Future Focused Learning Insights

The Only Thing You Need To Be A 21st Century Teacher

Written by Lee Crockett | April 11, 2014

via TeachThought


Image attribution flickr user danzen

Contrary to what you’ve probably read, you don’t have to be engaging to be a great teacher—at least not in any charismatic and charming sense of the word.

You can be relatively “boring” and lead students to outstanding academic progress, mainly by staying organized, being reflective, flexible, and in constant contact with an active and ambitious professional learning networking. Teaching differently requires work.

A resourceful teacher with an internet connection is likely to encounter more professional development materials in a few days than many teachers saw in a lifetime two generations ago, which makes this an exciting time to be an educator. So you should definitely be plugged in to some degree, but that plug could lead to a book rather than an iPad.

You don’t have to use technology either. It certainly helps–in fact, it’s almost impossible to personalize and authenticate learning without it–but it’s certainly possible without it. And for many teachers juggling curriculum, assessment, instruction, data, communication, professional learning community roles, and other tasks, technology can often overshadow more important pursuits.

Like learning.

You don’t have to know what every single initialism, phrase, and bit of #hashtag jargon means to be a great teacher either. It’s nice to be able to speak the language of 21st century learning with others that study it too, but it’s also easy to get caught up in that–in the trends, language, “connecting,” and other realities that come with being a plugged-in modern teacher.

You don’t have to use project-based learning, mobile learning, standards-based assessment, or challenge-based learning to achieve great results, nor do you absolutely have to ditch lecture, adhere to backwards-design principals, or have research to support every single decision you make.
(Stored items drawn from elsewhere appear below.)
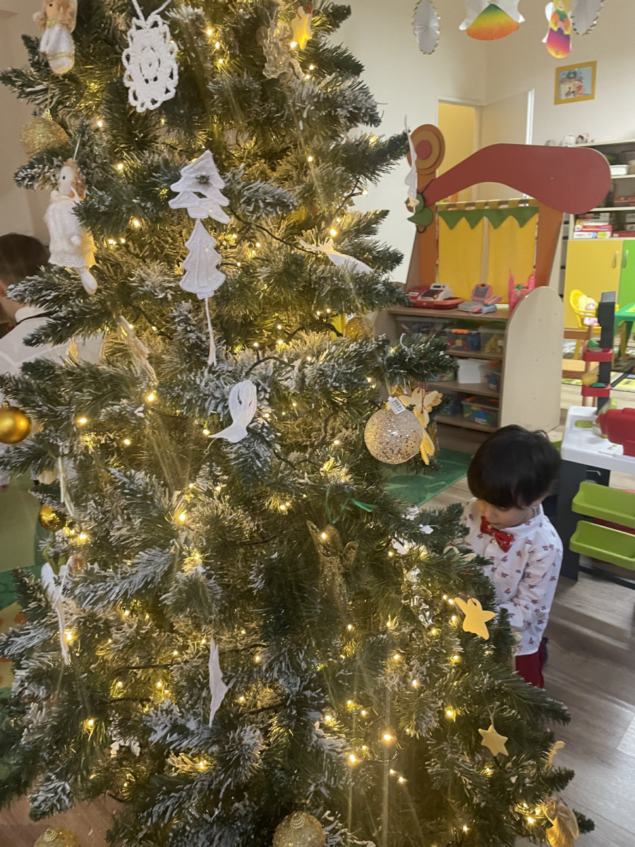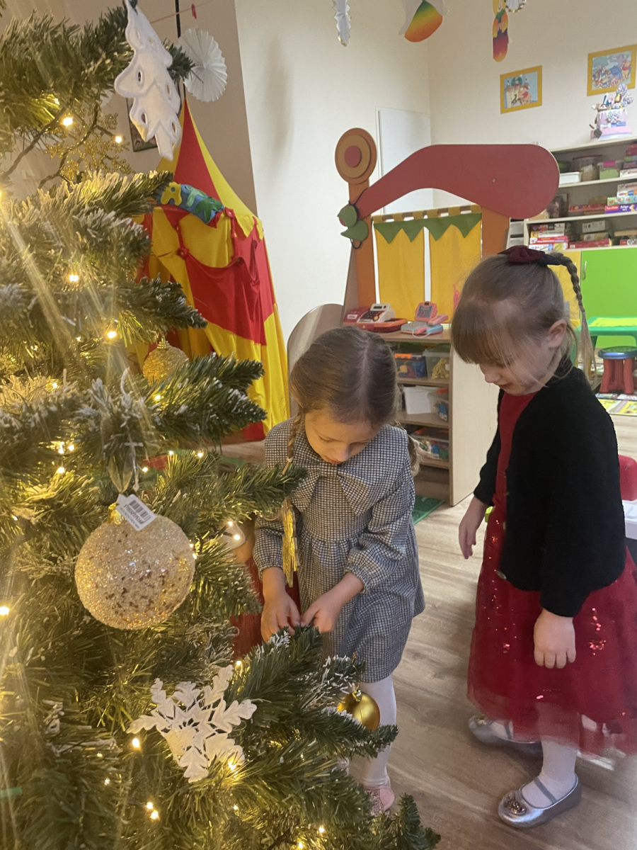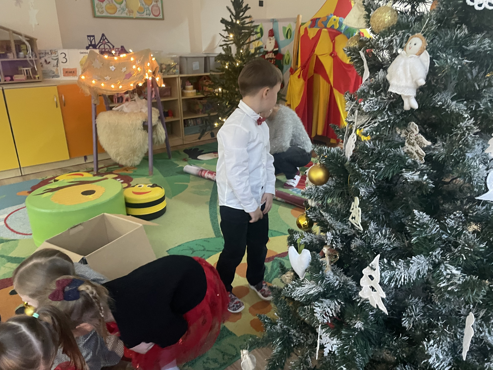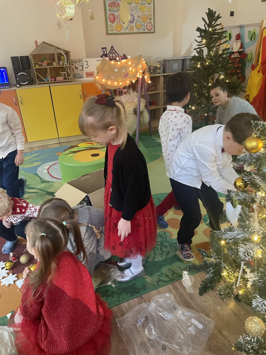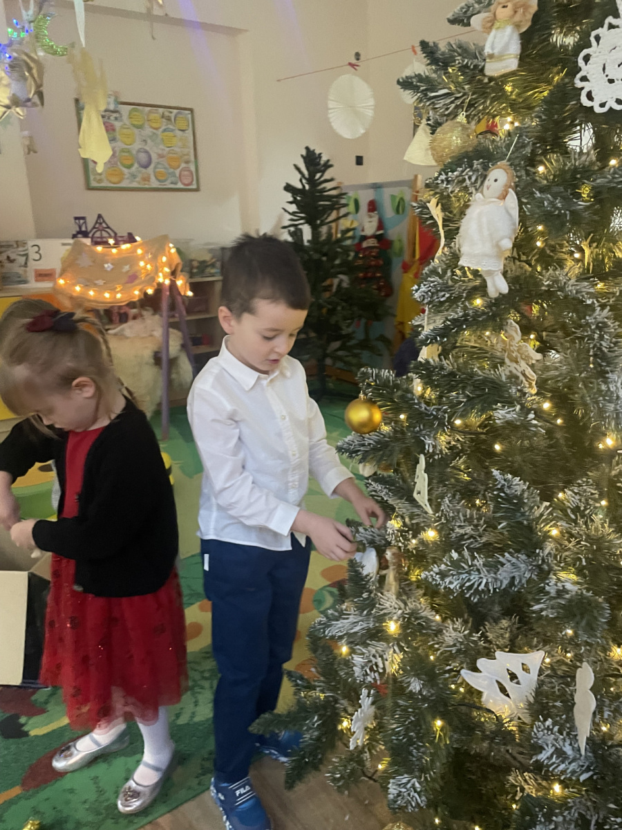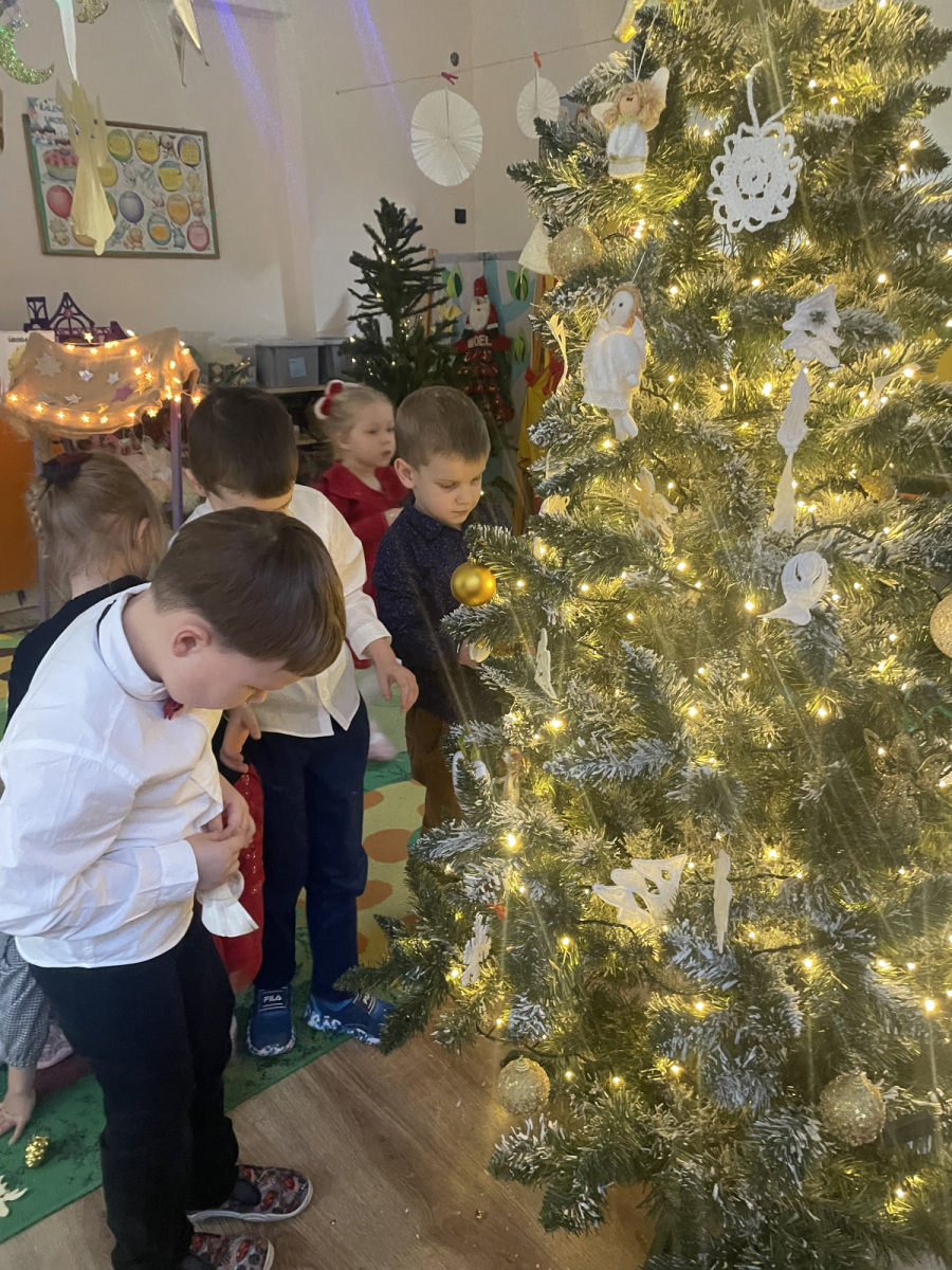 Choinka wygląda prześlicznie. Atmosfera w przedszkolu i wa naszej sali od razu zrobiła się świąteczna i bajkowa.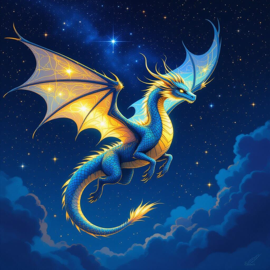A stunning celestial dragon ascends through a vibrant night sky. The dragon's scales mirror the stars, rendered in radiant blues and golds with a touch of mystical realism.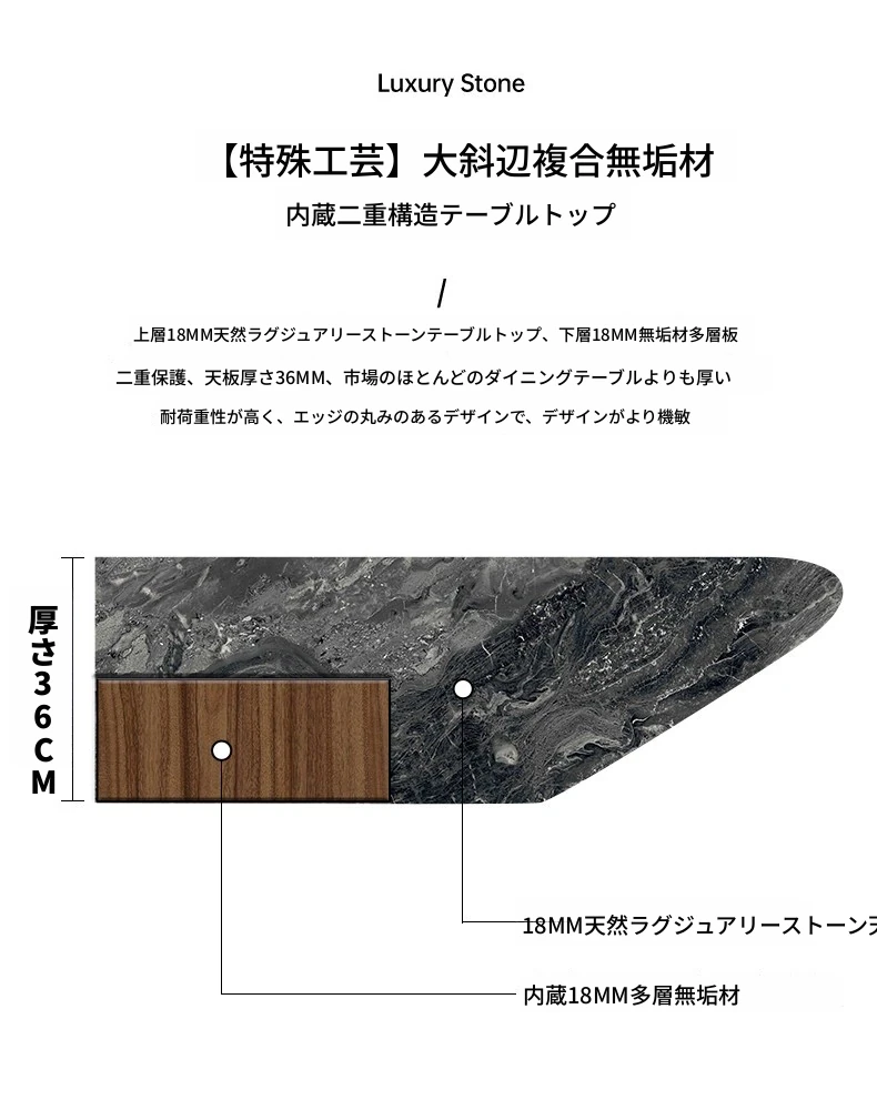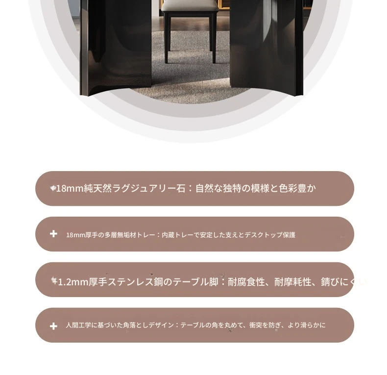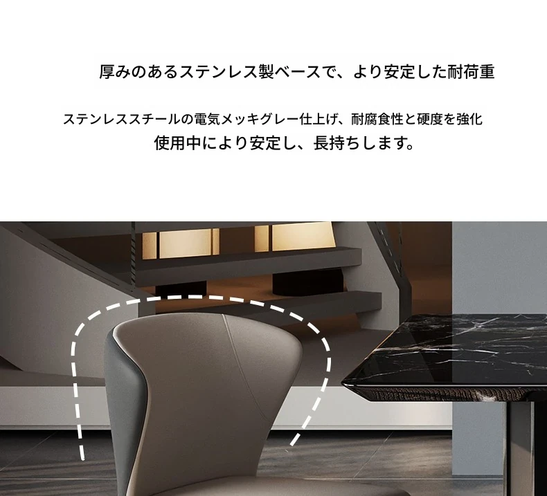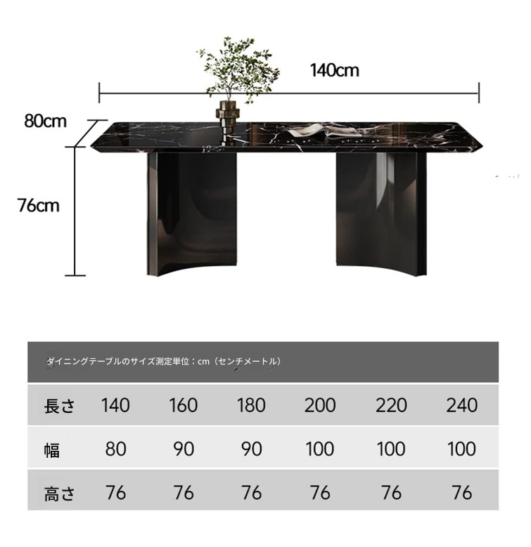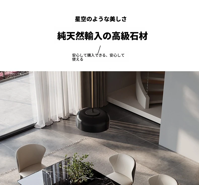 黒バラ天然ラグジュアリー石のダイニングテーブル+エコレザーのダイニングチェア*6

And this isn’t an argument for resisting change (a death knell for great teaching) or even keeping it simple, either. As long as you get results–no matter how you choose to measure them–and your colleagues support you, you’re golden.

So do what works while contributing to your local professional learning community, data team, content area department, administrator’s expectations, district “non-negotiables,” or whatever other reality you have to juggle.

The reality is, in 2013 there are an incredible variety of digital tools, learning models, and supporting data to suggest a thousand different approaches to preparing students for the work of their lives. That may be the defining characteristic of learning early in the 21st century learning.

Possibility.

If nothing else, every classroom should be an highly curious, question-based, connected and joyful petri dish of learning experimentation, adaptation, and change.

In many ways, technology has made this possible, but more critical in this reality are the creative minds and collective wills of the teachers–as change agents–in every classroom across the planet, making ripples that will hopefully last a lifetime.

Achieving this doesn’t require for you to be any one thing other than acutely attentive to possibility.